The ground shook, and the air shimmered.
She restored her pyramids and statues.
She raised buildings that had fallen; paint and jewels reformed on the surfaces.
She enjoyed her objects and found them pleasing to look upon.
She grinned as humans gaped.
Ra twirled in the air.
Phoenix appeared beside her, bedecked in red and gold fabric.
She looked at her mother.
“Mom!
You weren’t woken up to redecorate.”
Ra hugged her daughter.
“But I want
her
to see what I made!”
“And she will, later.”
Ra kissed her daughter’s forehead.
“Why are some of my pharaohs missing?
What have my human converts been doing?”
“The Pharaohs were moved by
other
humans.
They like to look at them, and you do not have many human converts anymore.”

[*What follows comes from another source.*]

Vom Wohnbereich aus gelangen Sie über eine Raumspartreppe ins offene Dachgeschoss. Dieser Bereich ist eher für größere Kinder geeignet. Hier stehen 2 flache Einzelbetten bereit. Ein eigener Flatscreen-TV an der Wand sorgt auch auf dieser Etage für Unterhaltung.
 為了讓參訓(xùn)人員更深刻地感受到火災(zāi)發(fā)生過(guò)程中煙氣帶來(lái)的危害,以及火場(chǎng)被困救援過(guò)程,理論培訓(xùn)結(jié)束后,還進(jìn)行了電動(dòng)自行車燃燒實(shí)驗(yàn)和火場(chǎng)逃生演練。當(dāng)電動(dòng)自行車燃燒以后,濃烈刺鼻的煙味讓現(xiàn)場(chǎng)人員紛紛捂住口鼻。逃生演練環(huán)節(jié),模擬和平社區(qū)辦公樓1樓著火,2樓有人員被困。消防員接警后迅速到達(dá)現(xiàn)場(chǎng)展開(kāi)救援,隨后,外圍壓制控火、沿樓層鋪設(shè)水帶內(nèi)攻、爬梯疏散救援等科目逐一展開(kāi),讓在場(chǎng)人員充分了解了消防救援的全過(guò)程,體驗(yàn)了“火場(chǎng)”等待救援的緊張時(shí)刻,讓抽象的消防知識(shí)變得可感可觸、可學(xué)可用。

Ra pouted and gazed at the Egyptians and tourists that waited in the sand.
“Well, that just won’t do at all.”
***
Along the Amazon River, spiders packed up their webs and went for a walk.
They kept to the shadows, and animals let them pass by.

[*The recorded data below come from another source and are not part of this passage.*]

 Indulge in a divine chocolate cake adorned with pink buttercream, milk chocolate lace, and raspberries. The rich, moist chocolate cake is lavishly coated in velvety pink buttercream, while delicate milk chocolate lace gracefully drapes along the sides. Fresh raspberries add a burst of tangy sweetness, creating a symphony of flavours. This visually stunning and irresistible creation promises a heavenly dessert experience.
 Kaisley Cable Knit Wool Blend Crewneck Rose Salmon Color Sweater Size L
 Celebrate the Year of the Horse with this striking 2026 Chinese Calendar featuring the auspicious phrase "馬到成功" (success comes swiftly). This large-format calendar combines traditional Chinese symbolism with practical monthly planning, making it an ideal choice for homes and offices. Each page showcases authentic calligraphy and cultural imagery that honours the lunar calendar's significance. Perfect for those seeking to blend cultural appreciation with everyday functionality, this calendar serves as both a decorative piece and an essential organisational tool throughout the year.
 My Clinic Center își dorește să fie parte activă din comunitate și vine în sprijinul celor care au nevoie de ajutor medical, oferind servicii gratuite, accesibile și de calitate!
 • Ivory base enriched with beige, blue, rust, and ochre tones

Birds did not feast above the walking carpet of the eight-legged.
Life showed them deference.
The spiders came to a tree, one that looked like many others.
It was tall, ancient, but under the growths of fungus and moss, runes glowed in the wood.
The tree burned with gloom.
The spiders began their climb.
The tree turned black, blue, and brown as the arachnids layered its surface.
They reached the canopy, spun their webs, and coated the foliage in shadow.
Nix opened her eyes among the webs.
Blue-eyed and glowing, she breathed darkness like smoke.
Her body sparkled with stars and captured moonlight.
She stretched, yawned, and opened wings of impenetrable black.
The sky around her turned to dusk, spreading outwards from her body.
She smacked her lips and shed her angelic form for one easier to travel in.
Nix the owl-eyed leapt into the air.
Night descended, an unnatural darkness.
It followed her like a cape across the sky.
***
The Himalayas quaked.
Ice cracked and slid in rumbling waves.
Pack animals fled, leaving their human companions to look around them in wonder.
Avalanches went off like dominos falling, covering the base of the mountains with snow.
Bare rock glittered in the sunlight.
Along the ridges, Titan’s spine popped and snapped as he awoke.
He opened his fists and the stone casing around them burst into splinters the size of elephants.
The giant tore himself out of the stone and gazed into the thin air.
He blinked and pulled his feet out of the mountains.
Like his siblings Leviathan and Ouroboros, he had fallen asleep as a behemoth.
Titan rubbed his nose, knocking loose rock and earth.
He yawned and the sound echoed through the Himalayas.
He cocked his head and oriented himself on the planet; his ruby eyes scanned air and water.
He closed his eyes and felt for Ifrit.
His brother had not yet awoken.
Gleeful, he took his smaller form, a stone wolf, and dove into the rock.